◆ **RECORDS TO PROCESS**:
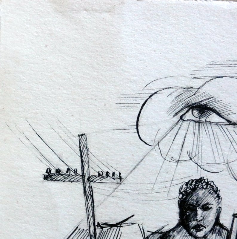 DSC01571 Black and white ink on paper with an eye looking at a working man. Dimension is 5.5 by 7.5 inches. No frame. Tinta sobre papel en blanco y negro con un ojo mirando un hombre trabajando. Tamaño es 5.5 por 7.5 pulgadas. Sin marco.
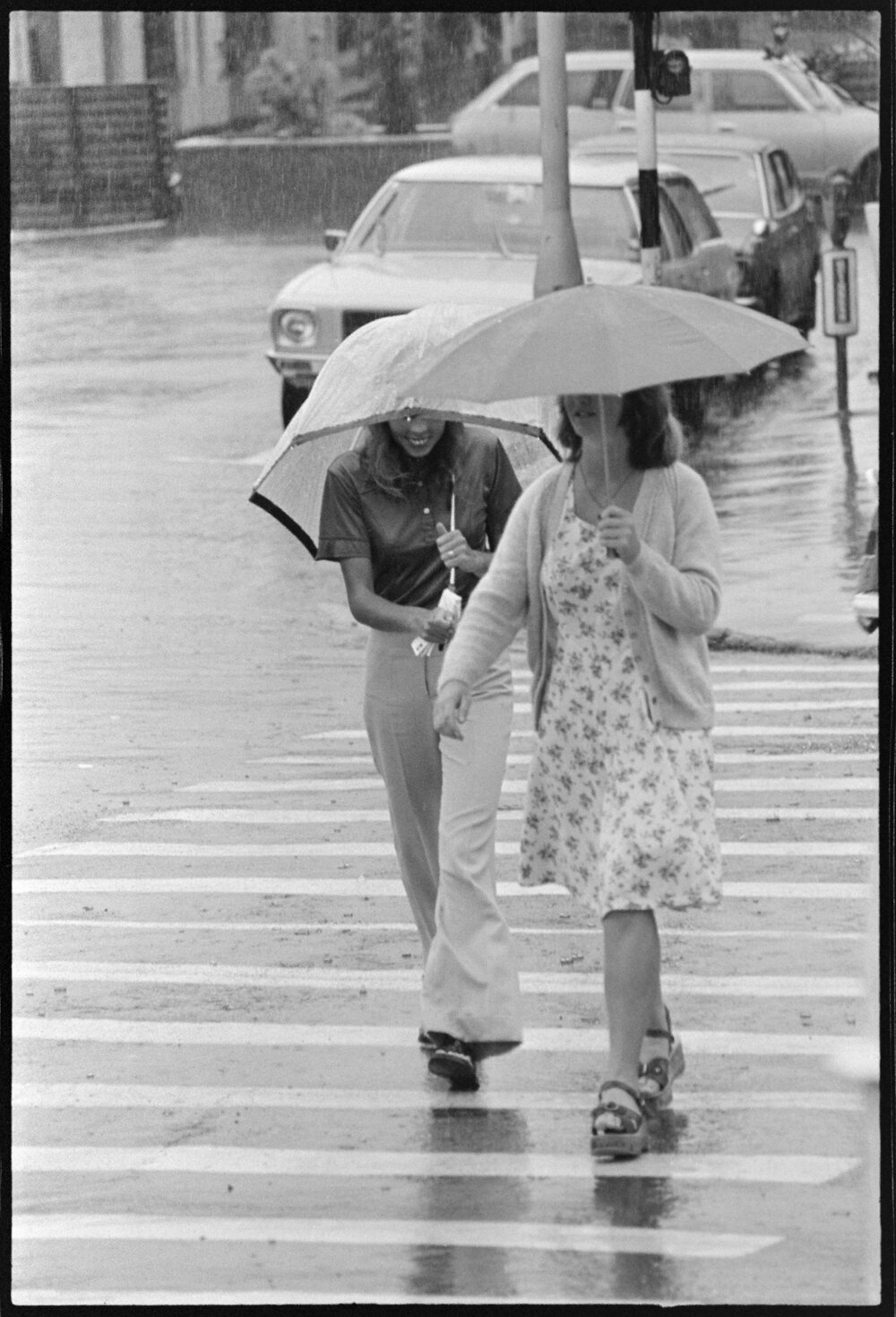 Date13 January 1976Reference Numberphoto gcc-38376DescriptionWith torrential rain all over the country, Tauranga shoppers did not escape, shown here with their umbrellas. Published 13 January 1976.FormatNegativePhysical Description35mm black-and-white negative (2/3)Photographer/CreatorBay of Plenty Times
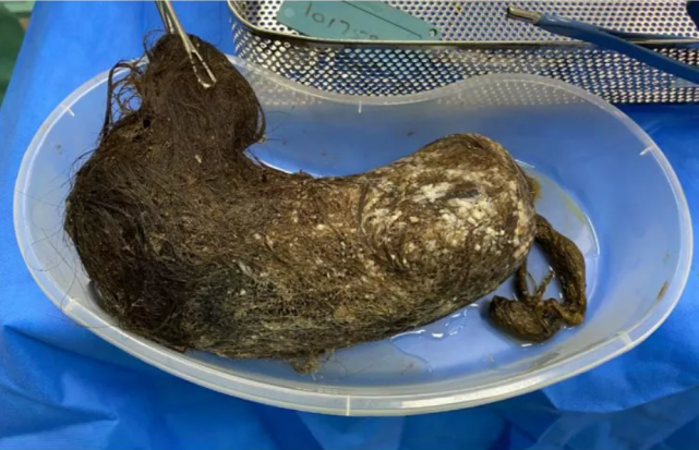于是医生把目光从头部转向腹部,最终他们通过手术从少女的腹中取出一个48厘米长的椭圆形毛球,而且这个毛球已经导致胃壁破裂。
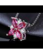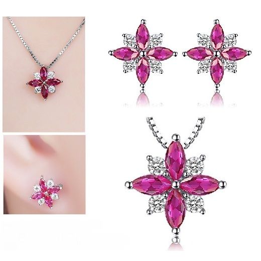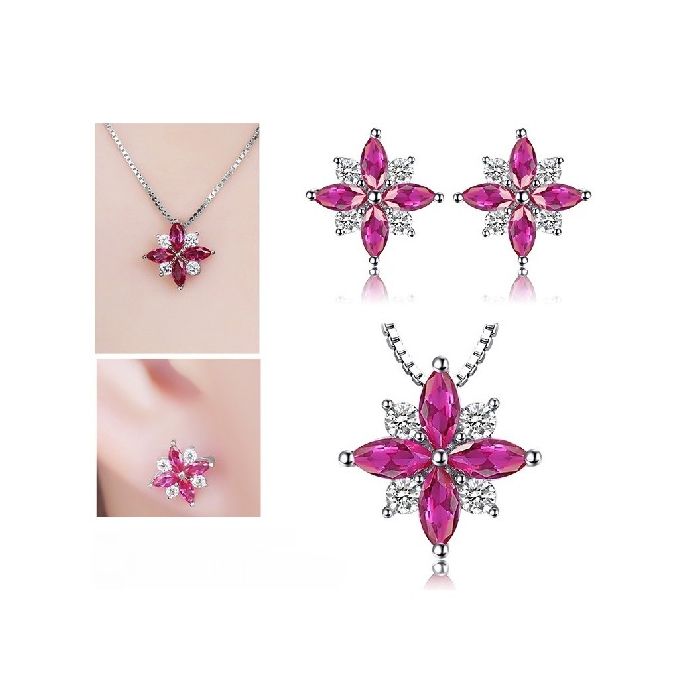 Комплект за дами, състоящ се от колие и обеци от масивно сребро 925 с рубини, бели цирконии и романтичен флорален дизайн.. Мистичният скъпоценен камък с наситен червен цвят ще донесе огъня в живота Ви! Рубинът центрира фокуса в това, което е важно за носещия го. В древността се е смятало, че този скъпоценен камък има магически и лечителски свойства. Той е вечният символ на любовта. Чудесен талисман за сближаване на хората, пазител на искрената обич, носител на мощна енергия и желанието за победа.
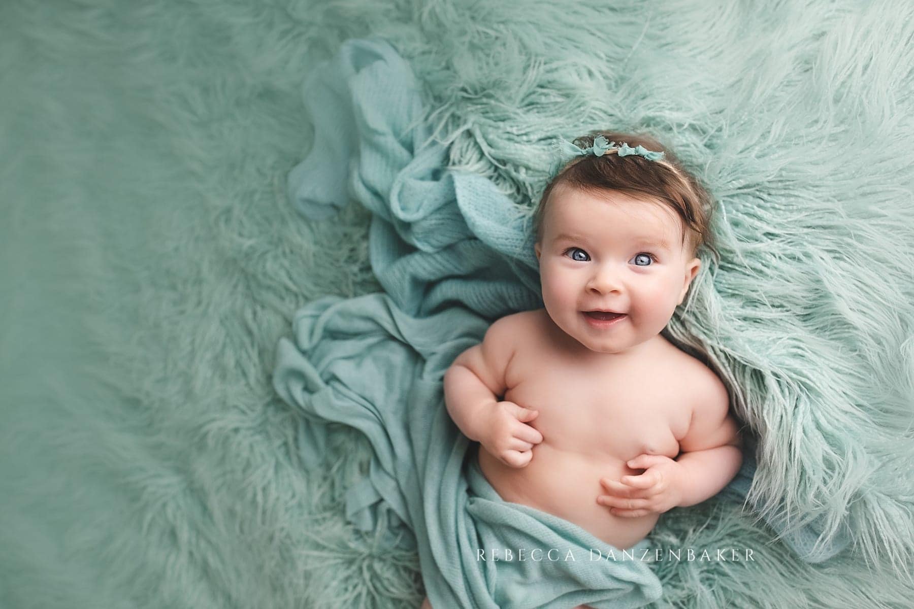 Rebecca’s baby photography sessions are all-inclusive. You’ll receive all retouched digital images after the session and can print them at the sizes you wish from the photo labs of your choice. The baby portrait session package description and pricing are located here.
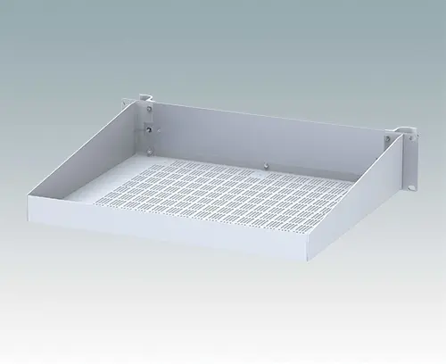 Modernes, oben offenes 19" Rack-Gehäuse aus Aluminium mit eloxierter Frontplatte und zwei ergonomischen Frontplattengriffen. Der belüftete einteilige Gehäusekorpus verfügt über schräge Seitenplatten und eine niedrige Rückwand. Der Boden ist vorgestanzt zur Befestigung von Leiterkarten-Abstandshaltern oder der als Zubehör erhältlichen internen Montageplatte. Alle Teile verfügen über M4-Erdungsbolzen für Stromdurchgang.
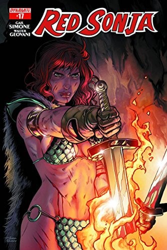 [easyazon_link identifier=”B012OJMPSE” locale=”US” tag=”bounintocomi-20″]Red Sonja #17[/easyazon_link] is a fun romp. It also looks at some deeper subjects, such as education, but only really touches them on the surface. Simone’s writing is for the most part enjoyable, although there are some missteps with the old nun. Walter Geovani’s artwork is excellent. He mixes up different types of panels and provides a number of unique camera angles to depict different sequences.
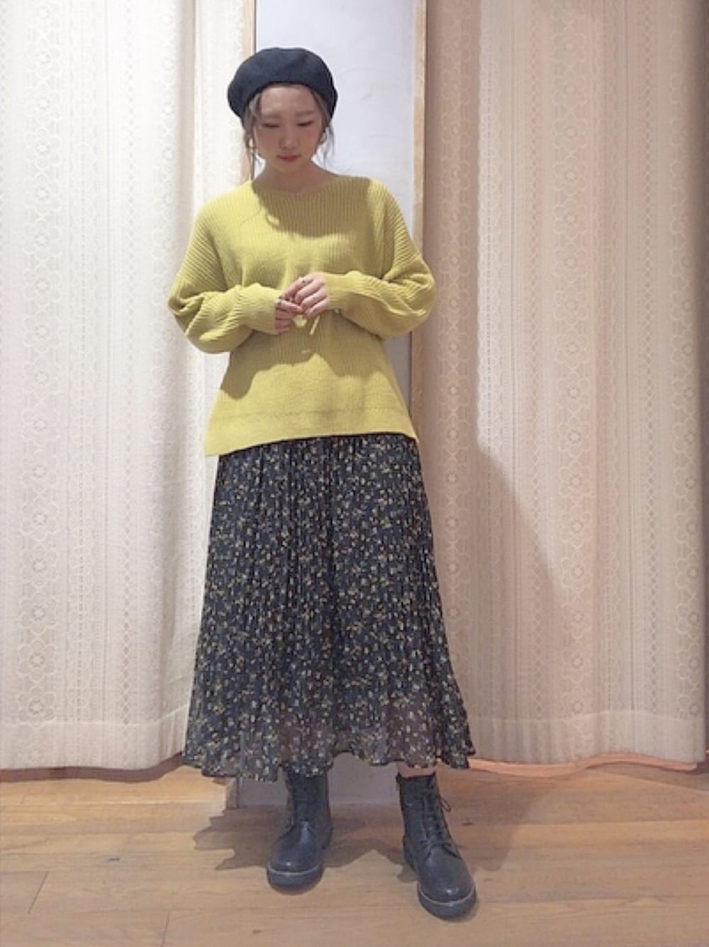 イエローニットを差し色にしました✨ 形もベーシックかつシンプルでとっても使いやすいですよ!

◆ **WORK INSTRUCTION**:
Copy every record character for character. Skip the pictures.

◆ **EXPECTED ANSWER**:
 DSC01571 Black and white ink on paper with an eye looking at a working man. Dimension is 5.5 by 7.5 inches. No frame. Tinta sobre papel en blanco y negro con un ojo mirando un hombre trabajando. Tamaño es 5.5 por 7.5 pulgadas. Sin marco.
 Date13 January 1976Reference Numberphoto gcc-38376DescriptionWith torrential rain all over the country, Tauranga shoppers did not escape, shown here with their umbrellas. Published 13 January 1976.FormatNegativePhysical Description35mm black-and-white negative (2/3)Photographer/CreatorBay of Plenty Times
于是医生把目光从头部转向腹部,最终他们通过手术从少女的腹中取出一个48厘米长的椭圆形毛球,而且这个毛球已经导致胃壁破裂。
 Комплект за дами, състоящ се от колие и обеци от масивно сребро 925 с рубини, бели цирконии и романтичен флорален дизайн.. Мистичният скъпоценен камък с наситен червен цвят ще донесе огъня в живота Ви! Рубинът центрира фокуса в това, което е важно за носещия го. В древността се е смятало, че този скъпоценен камък има магически и лечителски свойства. Той е вечният символ на любовта. Чудесен талисман за сближаване на хората, пазител на искрената обич, носител на мощна енергия и желанието за победа.
 Rebecca’s baby photography sessions are all-inclusive. You’ll receive all retouched digital images after the session and can print them at the sizes you wish from the photo labs of your choice. The baby portrait session package description and pricing are located here.
 Modernes, oben offenes 19" Rack-Gehäuse aus Aluminium mit eloxierter Frontplatte und zwei ergonomischen Frontplattengriffen. Der belüftete einteilige Gehäusekorpus verfügt über schräge Seitenplatten und eine niedrige Rückwand. Der Boden ist vorgestanzt zur Befestigung von Leiterkarten-Abstandshaltern oder der als Zubehör erhältlichen internen Montageplatte. Alle Teile verfügen über M4-Erdungsbolzen für Stromdurchgang.
 [easyazon_link identifier=”B012OJMPSE” locale=”US” tag=”bounintocomi-20″]Red Sonja #17[/easyazon_link] is a fun romp. It also looks at some deeper subjects, such as education, but only really touches them on the surface. Simone’s writing is for the most part enjoyable, although there are some missteps with the old nun. Walter Geovani’s artwork is excellent. He mixes up different types of panels and provides a number of unique camera angles to depict different sequences.
 イエローニットを差し色にしました✨ 形もベーシックかつシンプルでとっても使いやすいですよ!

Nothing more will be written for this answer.